The White Sox’s 6-4 victory Saturday night over the Detroit Tigers before a Comiskey Park crowd of 21,543 was more than their fourth straight. In the mind of manager Jerry Manuel, it was the capstone of perhaps the best stretch of the season for his first-place team.
“We put a lot of things together as a team,” Manuel said.
Those things began with the bullpen. Four Sox relievers shut down the Tigers without a hit for 4 2/3 innings.
Meanwhile, after getting 10 RBIs from the heart of the batting order in Friday night’s victory, the Sox got timely hitting from the rest of their lineup Saturday, including a two-run double from Kenny Lofton and the 100th home run of Ray Durham’s career.
The victory went to Kelly Wunsch (1-0), who relieved starter Gary Glover with two on and three runs in during the Detroit fifth.
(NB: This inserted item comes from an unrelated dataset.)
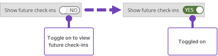 A list of current or past check-ins is shown. To view any future scheduled check-ins, toggle Show future check-ins to Yes:
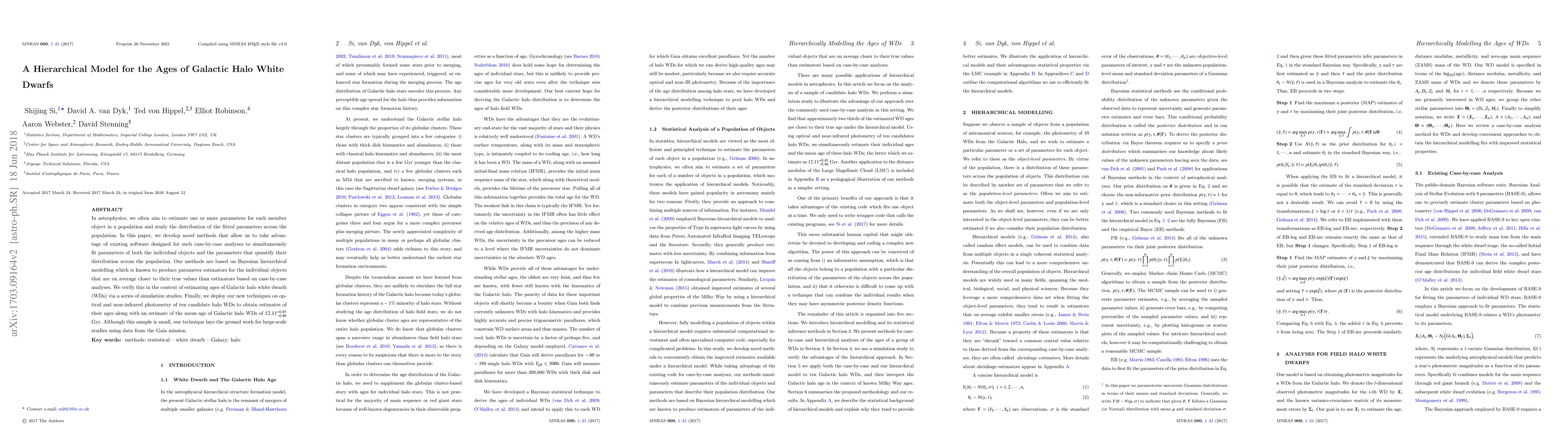 In astrophysics, we often aim to estimate one or more parameters for each member object in a population and study the distribution of the fitted parameters across the population. In this paper, we develop novel methods that allow us to take advantage of existing software designed for such case-by-case analyses to simultaneously fit parameters of both the individual objects and the parameters that quantify their distribution across the population. Our methods are based on Bayesian hierarchical modelling which is known to produce parameter estimators for the individual objects that are on average closer to their true values than estimators based on case-by-case analyses. We verify this in the context of estimating ages of Galactic halo white dwarfs (WDs) via a series of simulation studies. Finally, we deploy our new techniques on optical and near-infrared photometry of ten candidate halo WDs to obtain estimates of their ages along with an estimate of the mean age of Galactic halo WDs of [11.25, 12.96] Gyr. Although this sample is small, our technique lays the ground work for large-scale studies using data from the Gaia mission.

Wunsch threw one pitch to Tigers first baseman Randall Simon, who hit into an inning-ending double play and gave Wunsch perhaps the easiest victory of his career.
“I’m almost embarrassed,” Wunsch said, laughing. “But you take [wins] when you can get them.”
Rocky Biddle, Damaso Marte and Keith Foulke followed and allowed only Bobby Higginson to reach base on an eighth-inning walk. He was promptly erased by the Sox’s second 6-4-3 double play of the game.
“When we get that type of effort from our bullpen, it makes it really difficult on our opponents,” Manuel said. “Hopefully that’s a sign of things turning around.”
The Tigers scored in the top of the first when Higginson singled and stole second, then scored on Simon’s single to right.
But in the Sox’s second, the rest of the lineup–the group recently overshadowed by power displays from Magglio Ordonez, Paul Konerko and Frank Thomas–took charge.
Singles by Carlos Lee, Mark Johnson and Royce Clayton produced the tying run before Lofton lashed his second double in as many innings, driving in Johnson and Clayton.
Lofton then came in on Durham’s third home run of the season, a towering 404-foot blast to right.
But the 5-1 lead was not enough for Glover. With one out in the fifth inning, the Tigers strung together four singles and a walk to score three runs, knocking out Glover and bringing in Wunsch.
The Sox provided a cushion in the eighth when Clayton walked, took second on a sacrifice bunt by Lofton, moved to third on a single by Durham and came in on Ordonez’s chopper to short.
“We have a lineup that is capable of being productive and picking each other up,” Manuel said. “Ray [Durham] had a good game tonight (2-for-4, two RBIs) with a hit and a home run. Kenny and Royce got on base and Carlos Lee came through with a couple of hits.”